▸ **Directions for this task**: Please repeat only the lines below starting at the line that holds "ഓക്സ്ഫോർഡ്: ക്യാൻസർ ചികിത്സയ്ക്കായി" and ending at the line that holds "岡山県津山市にある「つやま自", exactly, with both of those lines included and every picture omitted.

*** Block opens ***

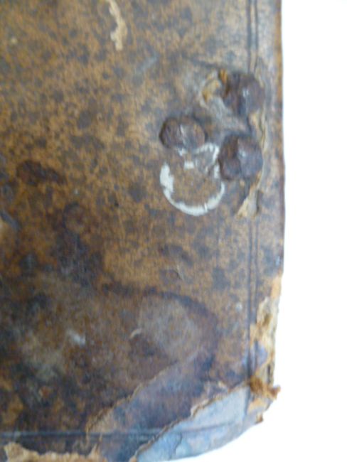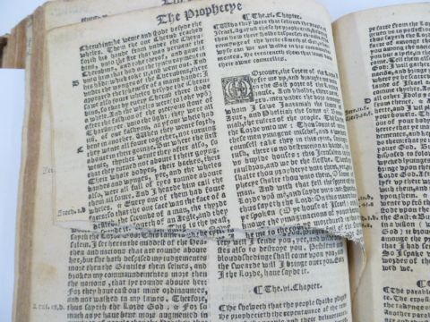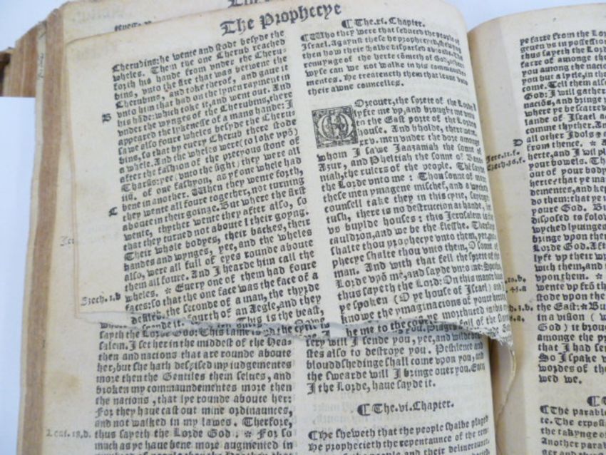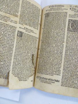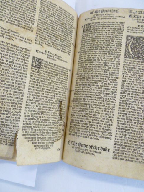 Holy Bible - Note -  we believe the bible is a 1550 version of The Great Bible , printed for circulation in Ireland , incomplete, initial pages missing including title pages, begins with Chapter 27 Genesis, woodcut letters, some pages cut and damaged, there is staining and ink marks , foxing, final page is the end of St. John, burn holes to the end paper and final pages of text , contemporary full leather, panelled and tooled boards, remains of clasps, trimmed as can be seen from some images. 23cm x 17cm PLEASE SEE COPIOUS IMAGES OF THE VARIOUS DAMAGED PAGES , AND MORE DETAIL OF OTHERS
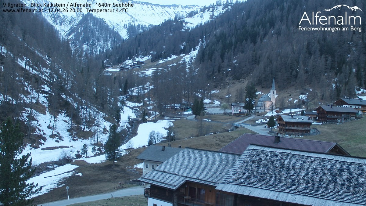 Archived webcam image showing Villgraten on 12 Apr 2026 at 20:39 Latest
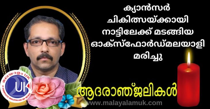 ഓക്സ്ഫോർഡ്: ക്യാൻസർ ചികിത്സയ്ക്കായി നാട്ടിലേക്ക് മടങ്ങിയ യുകെ മലയാളി വിടവാങ്ങി. ഓക്സ്ഫോർഡിൽ താമസിച്ചിരുന്ന പ്രദീപ് കുമാർ (55 ) ആണ് മരിച്ചത് . പത്തനംതിട്ട ആറാട്ടുപുഴ ആണ് പ്രദീപ് കുമാറിന്റെ സ്വദേശം.
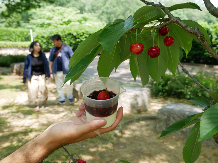 ケヤキ広場では県産さくらんぼが販売されていました。スイーツなどの加工品もあり人気でした。
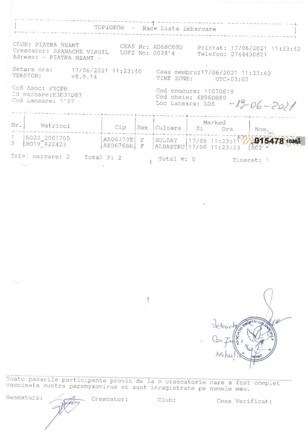 | 163 | Cotfasa Vasile | NT553 | Tg-neamt | [IMB P0] | |
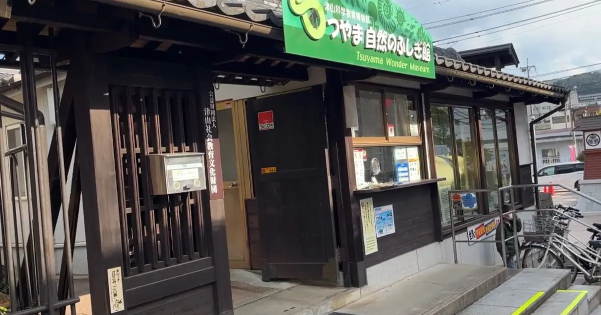 岡山県津山市にある「つやま自然のふしぎ館」は、自然史の総合博物館です。常設展示では、世界各地の動物の剥製や化石鉱石類、貝類、昆虫類、人体、標本類など約20,000点が常設展示されており、子供から大人まで楽しめます。入場料は大人800円、子ども600円です。
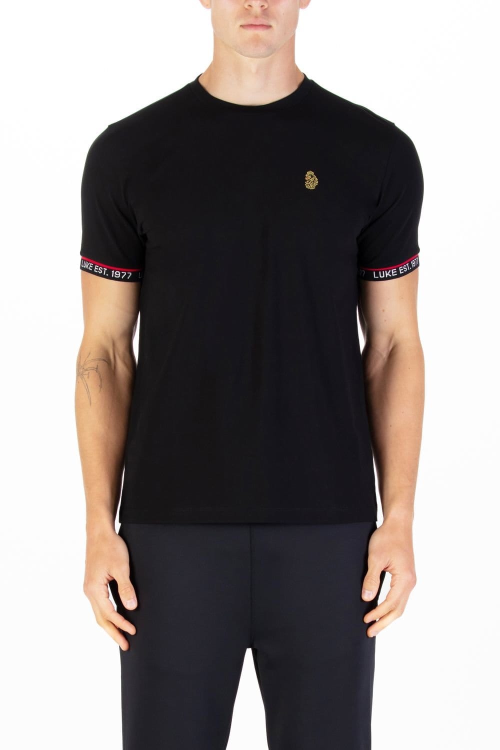 Stylish black t-shirt from LUKE 1977. Made from a luxury cotton blend, it features a soft rib crew neck and rib cuffs. The sleeve cuffs have the text 'LUKE EST. 1977' printed, and the iconic LUKE lion head embroidery is on the left chest. Perfect for casual wear.
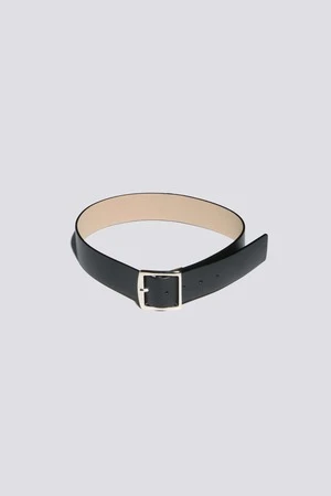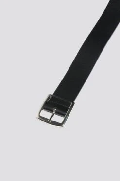 Black leather belt square silver metal buckle

*** Block closes ***

▸ **Reply**:
 ഓക്സ്ഫോർഡ്: ക്യാൻസർ ചികിത്സയ്ക്കായി നാട്ടിലേക്ക് മടങ്ങിയ യുകെ മലയാളി വിടവാങ്ങി. ഓക്സ്ഫോർഡിൽ താമസിച്ചിരുന്ന പ്രദീപ് കുമാർ (55 ) ആണ് മരിച്ചത് . പത്തനംതിട്ട ആറാട്ടുപുഴ ആണ് പ്രദീപ് കുമാറിന്റെ സ്വദേശം.
 ケヤキ広場では県産さくらんぼが販売されていました。スイーツなどの加工品もあり人気でした。
 | 163 | Cotfasa Vasile | NT553 | Tg-neamt | [IMB P0] | |
 岡山県津山市にある「つやま自然のふしぎ館」は、自然史の総合博物館です。常設展示では、世界各地の動物の剥製や化石鉱石類、貝類、昆虫類、人体、標本類など約20,000点が常設展示されており、子供から大人まで楽しめます。入場料は大人800円、子ども600円です。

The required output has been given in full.